Orange Chiffon with Cranberries
110g plain flour
10g corn flour
1/4 tsp baking powder
1/4 tsp salt
6 egg yolks
70g Corn oil
100g orange juice
zest of the oranges
20g dried cranberries, chopped finely
6 egg whites
1/4 tsp cream of tartar
110g caster sugar
1. Sift both flours, baking powder and salt together. Set aside.
2. Mix together cranberries, oil, zest and orange juice until well blended. (Do this before preparing other ingredients to give time for the cranberries to soak in some moisture). Add the yolks once other ingredients are prepared. Mix well before sifting in flour mixture and mix until combined. Set aside.
3. Beat egg whites until frothy, add in cream of tartar and beat until soft peaks form. Gradually add in sugar and beat to firm peaks.

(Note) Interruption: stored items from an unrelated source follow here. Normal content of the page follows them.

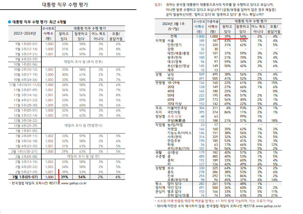 윤석열 잘함 39, 못함 54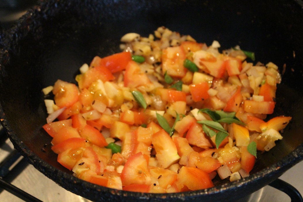 - Now add in the tomatoes and and salt and allow the tomatoes to soften and disintegrate.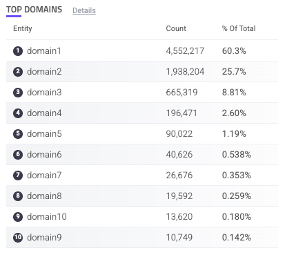 Each domain is listed with the count of requests on that domain and the % of total requests of all your applications that came from the domain. You can hover over a domain to copy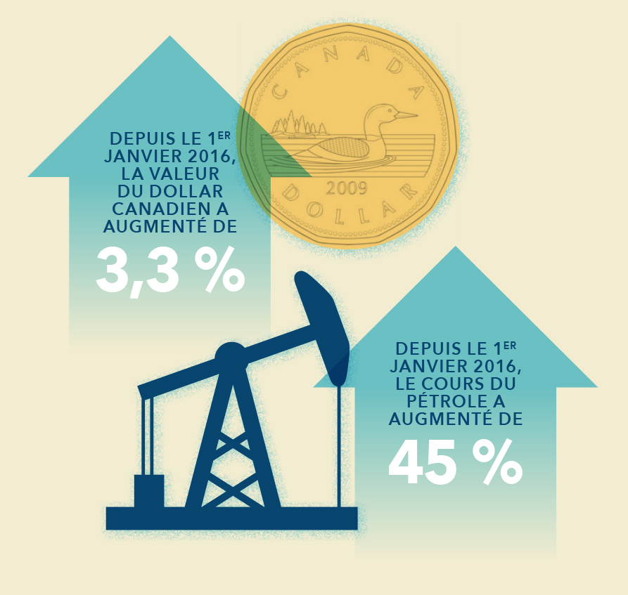 Le cours du pétrole brut et la valeur du dollar évoluent souvent parallèlement, mais cette tendance s’est estompée au deuxième semestre de 2016. En janvier, la chute du cours du pétrole brut a fait glisser le dollar canadien sous la barre des 69 cents US. La tendance s’est ensuite renversée jusqu’en mai. D’une valeur de 80 cents US, le dollar canadien a alors amorcé une descente pour ne valoir que 74 cents à la fin de l’année. Le cours du pétrole a quant à lui grimpé de 10 dollars pendant cette même période, poussé par la décision de l’OPEP, en novembre, de restreindre la production. Qu’est-ce qui explique un tel changement? La pression qu’a exercée l’écart croissant entre les taux d’intérêt des États-Unis et du Canada. De meilleures perspectives du côté du pétrole pourraient néanmoins en atténuer les répercussions sur le dollar canadien.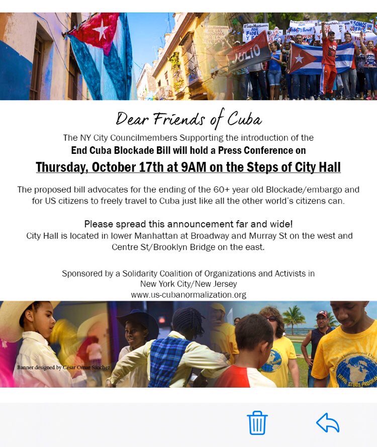 Join us today as we rally to end the embargo and travel ban in Cuba 🇨🇺!! Today!!! Location: City Hall Steps Time: 9:00AMpic.twitter.com/1xDIuSZU6O

4. Lighten the batter with 1/3 portion of the meringue using a hand whisk. Then add another 1/3 portion of the meringue and gently fold. Repeat with the remaining portion until fully incorporated.
5. Pour batter into an 8″ tube pan. You can use a 9″ pan if you have it as I have some leftover batter.
6. Bang the cake pan on the kitchen bench to remove large air bubbles.
7. Bake the cake at 160C for 70-80 minutes or until cake is done. After removing cake from the oven, Immediately invert to cool completely before unmoulding.